TASK BRIEF: Write out the whole listing below exactly, skipping each picture.

DATA BLOCK:
-.-.-
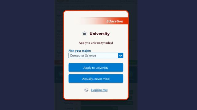 If you’re looking to create the next big mobile app, whether it’s a game, social media app, or whatever you can think of, you can do that in BitLife. You’ll need to study up though, because coding takes some practice. If you’re trying to complete the Lady Luck challenge, you’ll need to become a famous app developer in addition to doing things like being a female and living in Nevada.
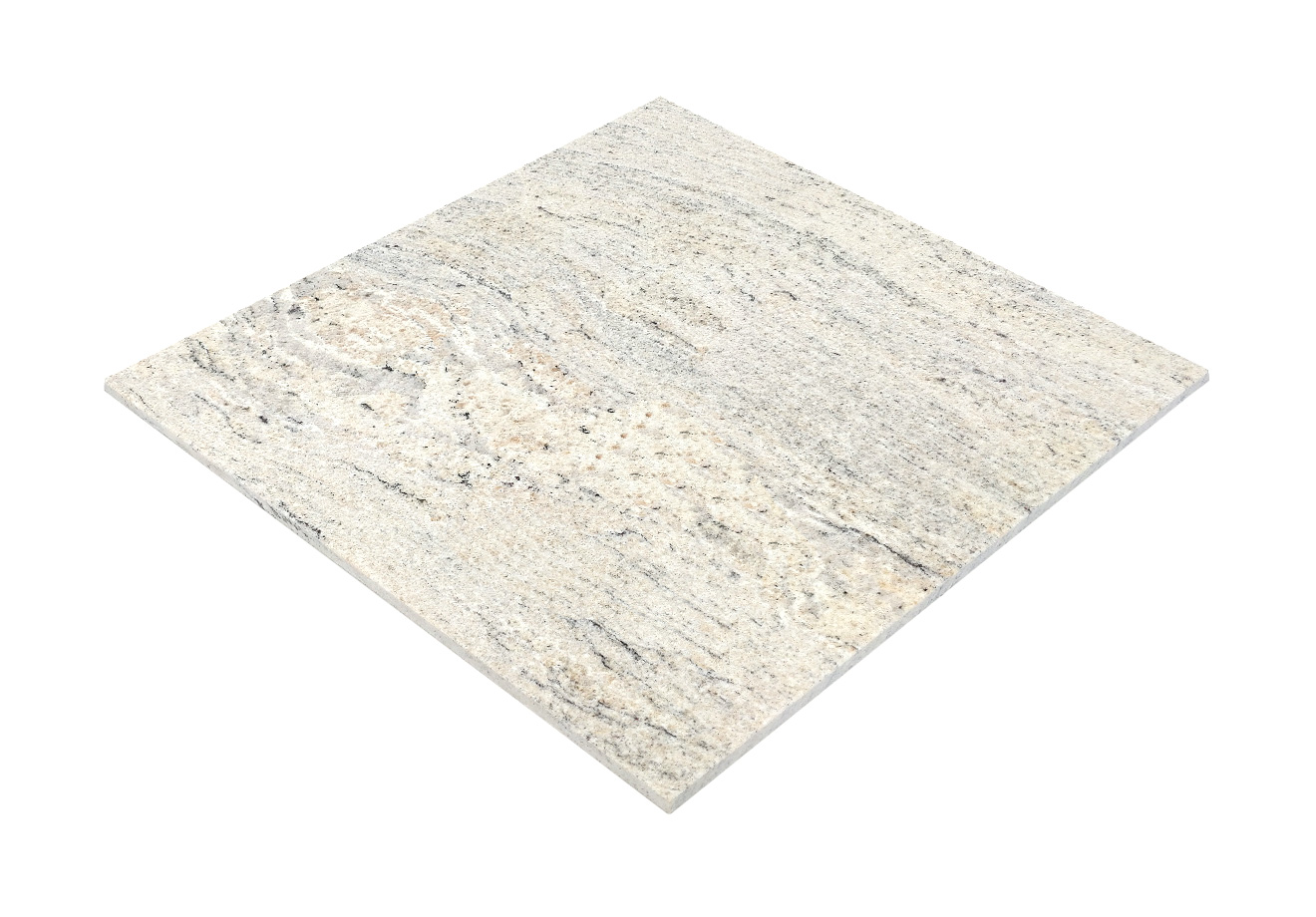 Colonial Ivory granite tiles. Tiles have the following parameters: size 60x60x1,5 cm and polished surface. Application: wall cladding, facade, stairs, terrace, floor. Colonial Ivory stone tiles are frost resistant. Premium quality means that they meet the highest standards of dimensional tolerance and surface finish. Ideally suited for underfloor heating. Tiles are additionally selected (sorted by shade and color). The tiles feature an elegant bevel of the top edges. They owe their perfectly uniform thickness to a calibration process.
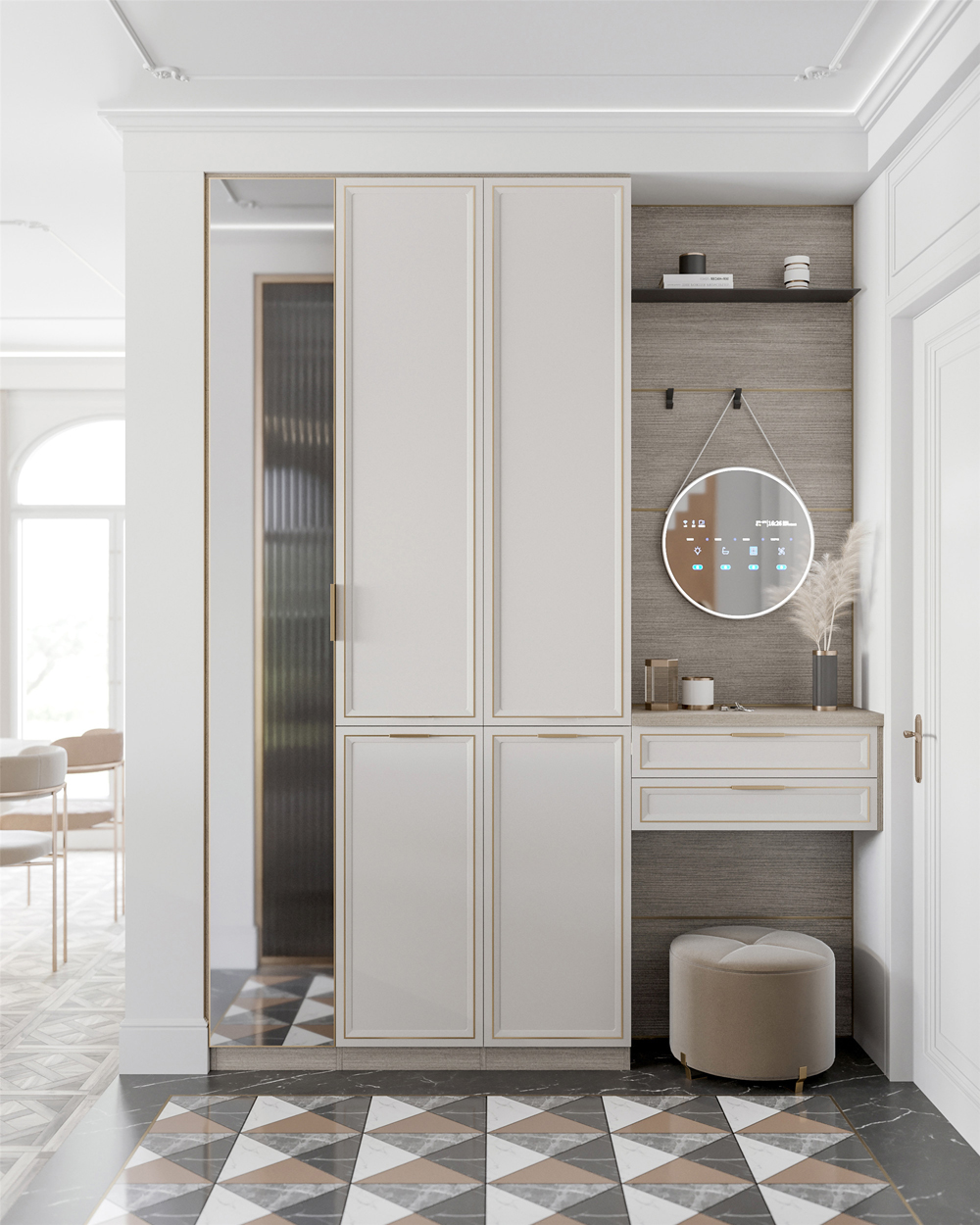 “一進(jìn)家門(mén),智能鏡就開(kāi)始主動(dòng)報(bào)時(shí),換下高跟鞋,放下手提包,把外套放進(jìn)柜內(nèi)消毒,進(jìn)門(mén)那一刻就開(kāi)始享受品質(zhì)生活。”
-.-.-
TASK ANSWER:
 If you’re looking to create the next big mobile app, whether it’s a game, social media app, or whatever you can think of, you can do that in BitLife. You’ll need to study up though, because coding takes some practice. If you’re trying to complete the Lady Luck challenge, you’ll need to become a famous app developer in addition to doing things like being a female and living in Nevada.
 Colonial Ivory granite tiles. Tiles have the following parameters: size 60x60x1,5 cm and polished surface. Application: wall cladding, facade, stairs, terrace, floor. Colonial Ivory stone tiles are frost resistant. Premium quality means that they meet the highest standards of dimensional tolerance and surface finish. Ideally suited for underfloor heating. Tiles are additionally selected (sorted by shade and color). The tiles feature an elegant bevel of the top edges. They owe their perfectly uniform thickness to a calibration process.
 “一進(jìn)家門(mén),智能鏡就開(kāi)始主動(dòng)報(bào)時(shí),換下高跟鞋,放下手提包,把外套放進(jìn)柜內(nèi)消毒,進(jìn)門(mén)那一刻就開(kāi)始享受品質(zhì)生活。”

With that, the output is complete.